Step Five: Remember that black and white screen that you got when you first opened up the app?
You can always go back there by selecting <–Timeline <-Menu. You can access the timeline directly from here as well as a calendar and photos and even any tags that you might want to add.
[Note: Tags are a great thing to think about adding up front or as you enter a picture. If you ever would like to see all your “Beach” photos or entries, you could simply go to this area and select the “Beach” tag and all your beach entries would show up in date order. Yes, this is a very good thing as Martha Stewart would say! You don’t even have to go hunting for a picture in your archive of when you went to a particular beach, you can simply select the tag. So, of course, you have to tag your photos when you are making your entries or go back and tag them later for this feature to work. That is why it is a good thing to think about it before you begin your journaling experience. You might even write up a basic list of tag names that you might think you would like to search on at a later point depending on your own needs! Names, places, activities, etc. Just look for the tag icon when you are entering your journal entry. It will prompt you at the top of the screen to enter a tag.]

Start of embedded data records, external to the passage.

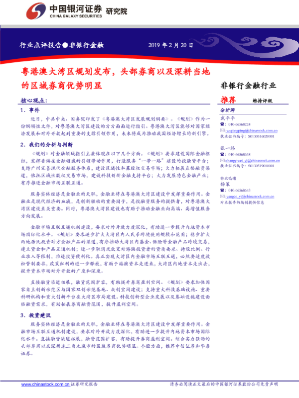 【银河证券】【20190220】非银行金融:粤港澳大湾区规划发布,头部券商以及深耕当地的区域券商优势明显-4页
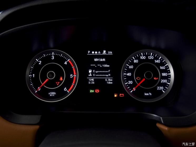 新车内饰部分采用了双色设计,平直的线条与整车的硬朗风格相称。方向盘部分配有换挡拨片,方便驾驶员针对不同路况进行升降挡操作。仪表盘为双圆形设计,黑底白字的显示效果清晰明了。
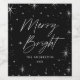 Moderne Ferienweinetiketten mit "Merry and Bright" in weißem, handgeschriebenem Schriftzeichen, umgeben von Sternengrenzen mit schwarzem Hintergrund. Personalisieren Sie die fröhlichen und hellen Weinetiketten, indem Sie Ihren Familiennamen und das unten stehende Jahr hinzufügen.
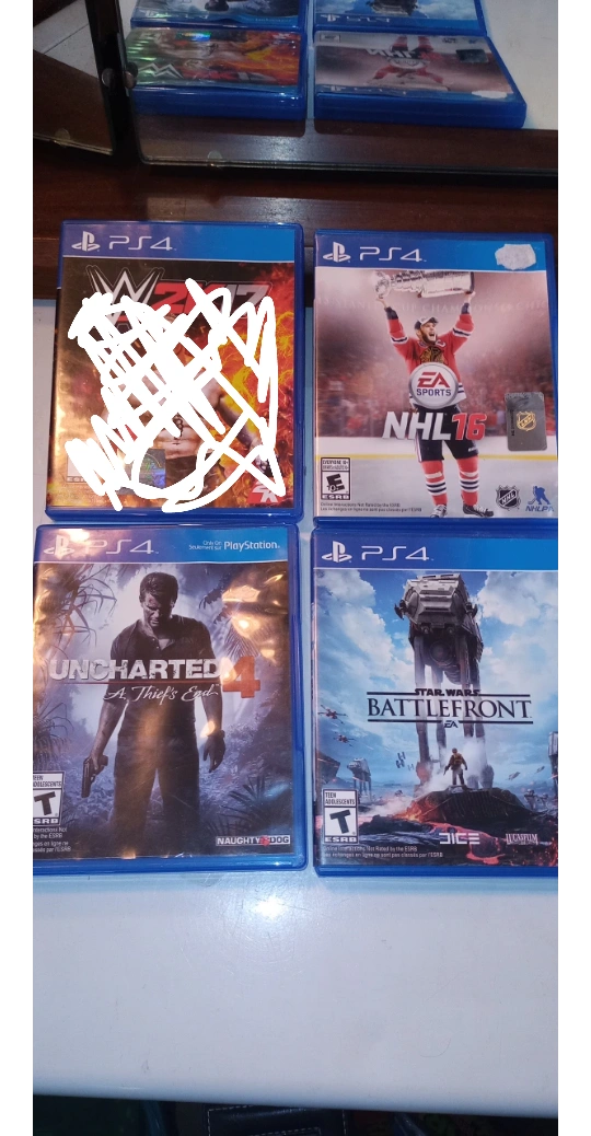 Selling 3 PS4 games. Available are , Uncharted 4 A Thief's End, NHL 16, and Star Wars Battlefront. All games are in great condition and ready for a new player! $ 6 each or all 3 for $12.

As a scrapbooker for over twenty-some years, I have a passion not only for the pictures but the stories behind the photos. And, try as I may, there are times when I don’t get all the pictures into albums… Ok, maybe even years… but if I find a group of pictures within my photo archive (which is massive,) I could then go back to my journal and find that day. Guess what? All the details are now written down! (Or I can use my tags as well as long as I keep using them.)
And if you don’t scrapbook, how does this apply? Ok, well, your children or grandchildren or great-grandchildren would be ecstatic to be able to poke around your journal and get an idea of all the things that you did on a daily basis. As a family history researcher, I would LOVE to be able to read my ancestors’ thoughts as they went about their daily lives. I can find the documents and possibly photos, but it takes a lot to be able to put yourself into their shoes and imagine what all they endured.
It’s those stories that give me strength and a foundation to live my own life. A bit melodramatic, yes, but I think that I am pretty spot-on when it comes to that desire to understand my ancestors better. I want my children to have a sense of what I was thinking as I went through part of my life. I’m fifty-three, ok, fifty-four, and I WISH that I had kept better journals during the time that I was raising my children. Now, as we are down to the last one at home, I can only hope that they will enjoy this small look into my life!
I’ve talked about it before… my mother passed away in 2000… and I still find myself looking for little tidbits of her writing or old letters that remind me about a particular time. If I don’t get anything else done in my own life, I am determined to leave a part of myself to my own children!